That is the prescribed strategy for businesses to take stock of their policies and procedures to safeguard human rights across their operations.
The process is of course more detailed, but large multinational companies are now in the early stages of implementing what is considered the most clear-cut and comprehensive methodology to align their operations with the universal principles on business and human rights adopted by the United Nations.
Questions now turn to scale and when the practice of public introspective reports on human rights will become the norm among businesses of all shapes and sizes.
The methodology is the U.N. Guiding Principles Reporting Framework, a questionnaire that asks businesses to probe their most salient human rights issues and the measures they are taking to address them.
The 31-question survey is essentially a toolkit, catered specifically to help companies uphold the standards of business and human rights the United Nations set forth in 2011. The idea is for a thorough response to serve as a snapshot of a company’s implementation of the U.N. Guiding Principles.
“This is our road map toward knowing how to either begin or continue on the road to respecting human rights in practice,” said Julie Schindall of Shift, a civil society initiative that helped design the framework, which launched in February. “Business had been looking for a way to implement the guiding principles. This is the way.”
Global consumer goods giant Unilever last month became the first company to produce a stand-alone account of its human rights issues in lockstep with the reporting framework. While Swedish mobile technology company Ericsson issued a similar report in April, it chose to present its findings as part of a broader annual report on sustainability issues.
Unilever and Ericsson are two of the six “early adopter” companies that have pledged to report on their human rights issues using the framework. The list also includes Dutch bank ABN Amro, Swiss food group Nestlé, Swedish clothing label H&M and American mining firm Newmont.
By no coincidence, the group of early adopters comprises some of the largest and most internationally active companies whose network and expansive global operations tend to draw closer scrutiny on the issue of human rights.
While the reporting framework’s layout is relatively straightforward — asking companies to answer eight overarching and 23 supporting questions — the process to answer them certainly is not.

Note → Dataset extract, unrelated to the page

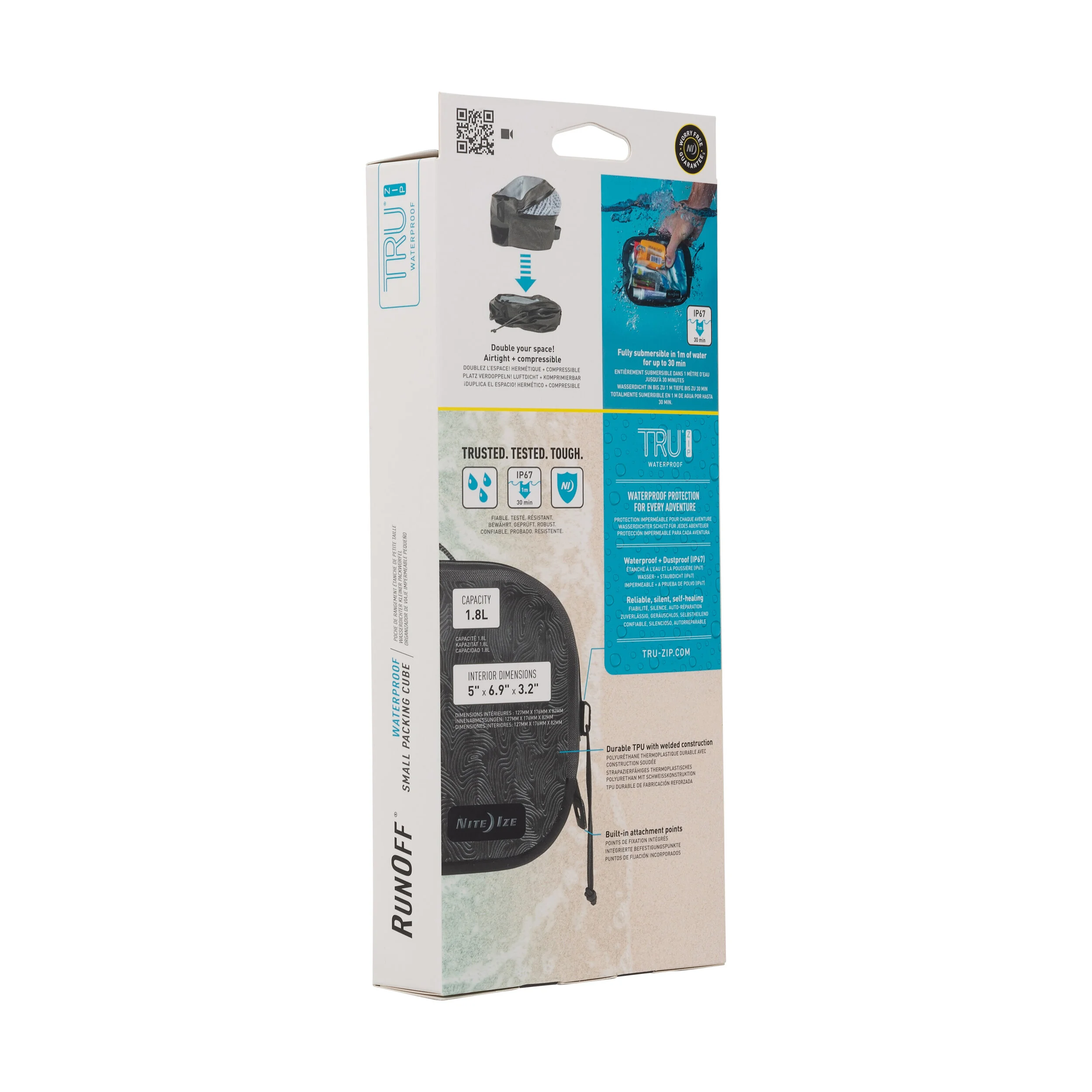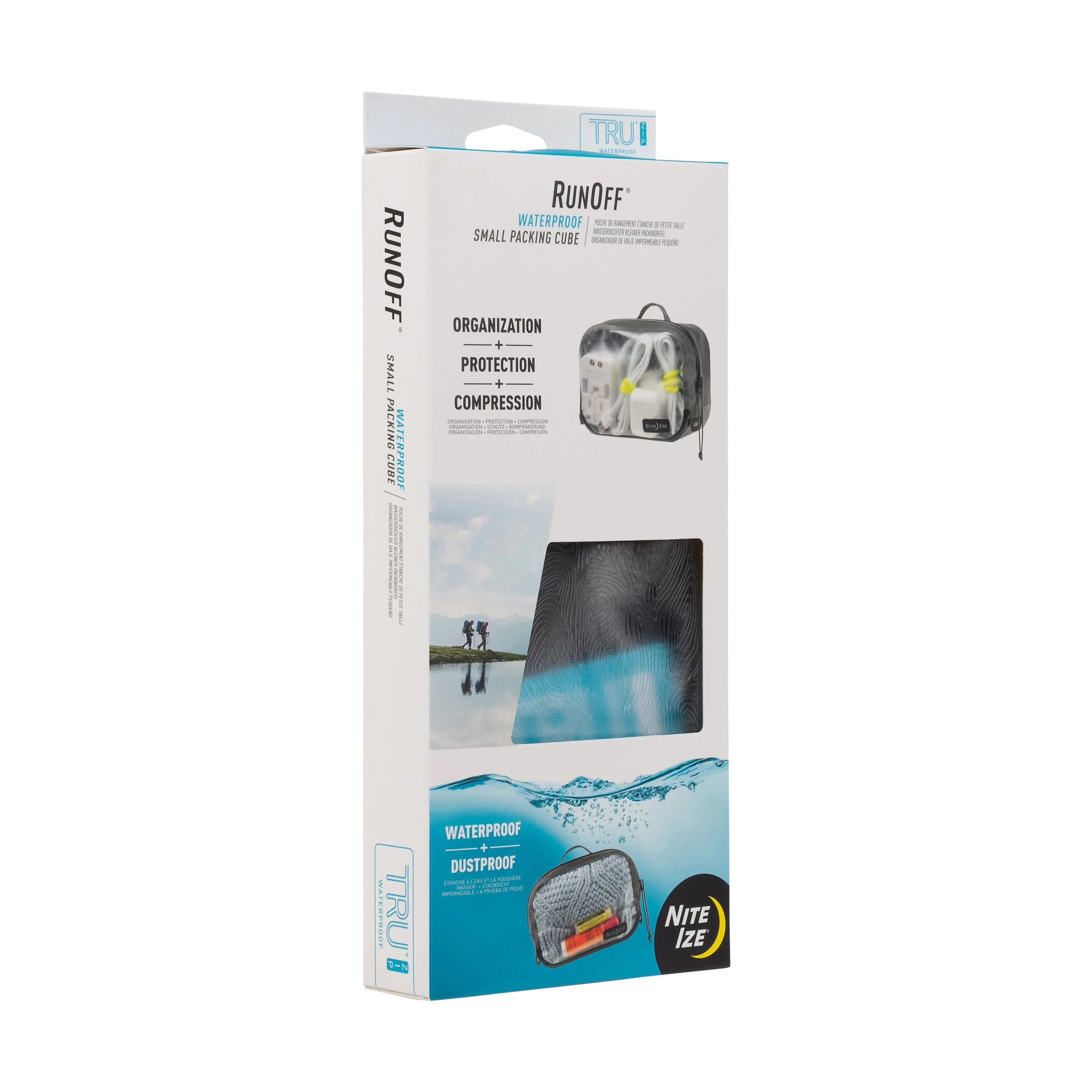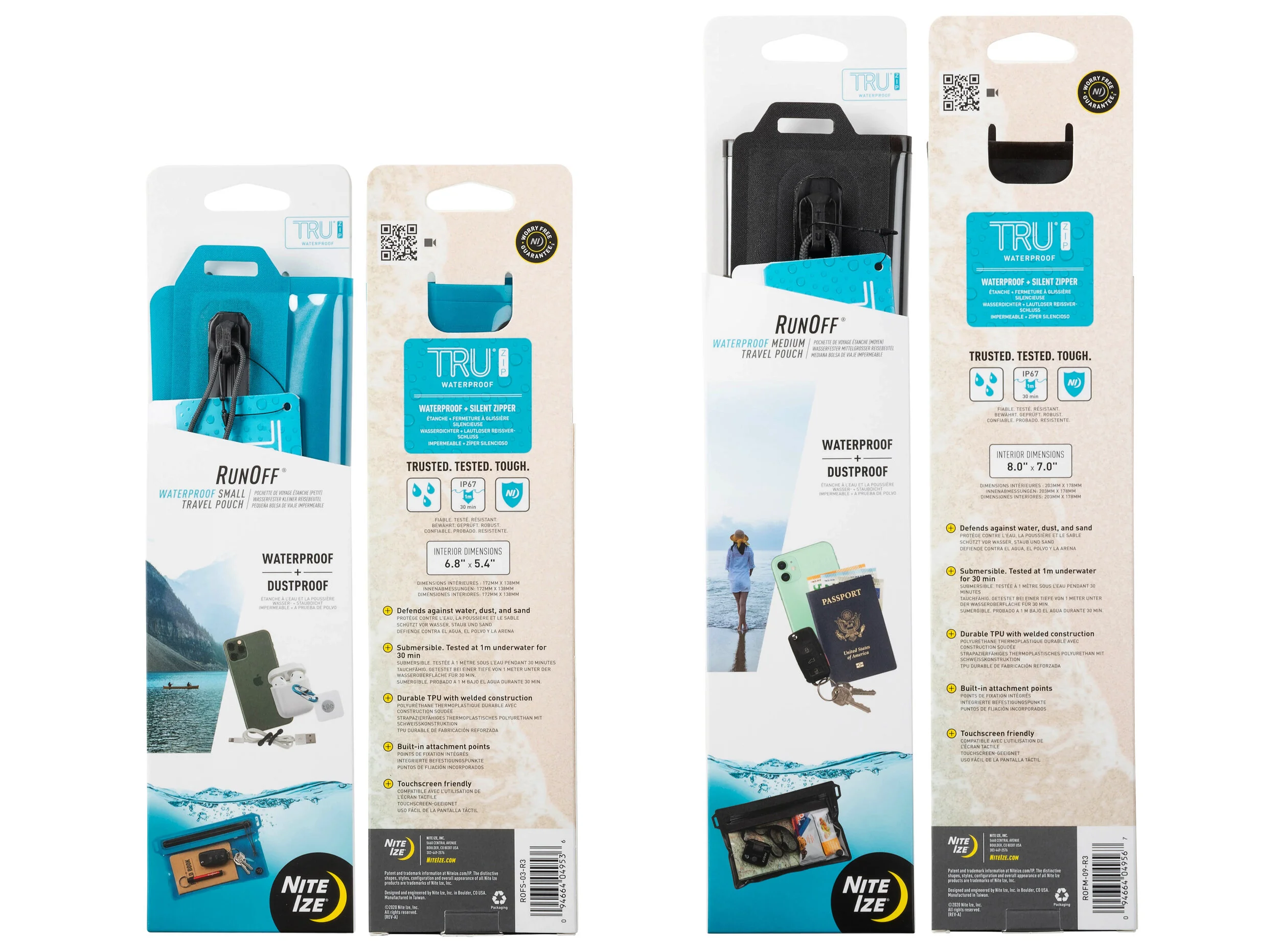 An additional packaging cube was added to the RunOff line and packaged in a box instead of with a hang tag. The box packaging increases space for graphics to convey the uses and benefits of the product over non-waterproof competitors and to include additional information that was frequently requested by retail buyers and end consumers.

The reporting framework poses questions such as “what does the company say publicly about its commitment to respect human rights?” or “does the company have any specific policies that address its salient human rights issues?” The means to compile those answers, however, can be quite busy and complex.

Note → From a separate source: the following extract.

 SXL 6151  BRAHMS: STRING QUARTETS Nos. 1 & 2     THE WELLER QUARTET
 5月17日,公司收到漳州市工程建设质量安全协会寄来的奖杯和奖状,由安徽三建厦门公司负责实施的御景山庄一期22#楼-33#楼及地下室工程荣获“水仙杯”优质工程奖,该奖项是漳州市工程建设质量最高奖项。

“It requires a lot of infrastructure to do one of these reports,” Ed Potter, Coca-Cola’s former director of global workplace rights told Devex. The process for a thorough answer often requires synchrony across the whole matrix of an organization, from procurement teams to legal and environmental ones, for example. The larger and more global a company is, the more complex that upfront burden can be, Potter noted.
Yet it is an increasingly necessary burden that large multinational companies are having to bear. The early adopter companies represent a range of industries whose core products and services put them in direct contact with socially conscious stakeholders. That base has grown exponentially in the roughly 20 years since the modern-day campaign for human rights standards by corporations took shape, manifesting in the 2011 adoption of the UNGP.
Investors now provide a significant impetus for open and transparent human rights reporting. The UNGP Reporting Framework, for example, has the support of a coalition of over 80 institutional investors with roughly $4.25 trillion of assets under management.
“That is a huge pressure factor,” Schindall said. “Thinking has evolved a great deal about the role of the shareholder and what it means to provide shareholder value.”
Yet with all the burden and pressure of exhaustive due diligence comes substantive value, companies say.
By design, the reporting framework forces companies to examine the totality of their business to understand their influence on human rights issues.
“You’re really going into the details of your own operations — all of your operations, not just supply chains — making sure that you can remedy any issue,” a spokesman for Ericsson told Devex. “It’s good to look at your own business through this different type of lens.”
Additionally, once the initial legwork of coordination across a company is achieved, it will be easy to maintain going forward — at least in theory.
In practice, however, it will likely be several more years before the type of comprehensive human rights reporting becomes the norm among big business. Corporate sustainability experts opine that currently only a few dozen companies are committing to the depth of reporting recommended by the UNGP Reporting Framework.
Of them, Unilever is considered the gold standard, having produced the first and only stand-alone report to date using the UNGP framework.
Ericsson, the first information and communications technology company to adopt the framework, added its findings to its broader sustainability reports. That method of reporting by no means diminishes the company’s efforts to examine its human rights issues. Rather, experts suggest that type of integrated reporting is a useful way for companies to honor their commitments while not having to reinvent the wheel.
For now, the group of early adopter companies is indicative of the types of firms that will likely catch on to the UNGP Reporting Framework in the near term: large, resource-rich, multinational companies under acute pressure to have meaningful standards to address human rights.
As a critical mass of those companies develops, the next wave to come on board, presumably, would be their supplier companies that sit one level further from mainstream consumers in global value chains.
As to when UNGP framework reporting becomes the norm among large multinationals themselves, “I would put it at a 5-10 year range,” Potter said.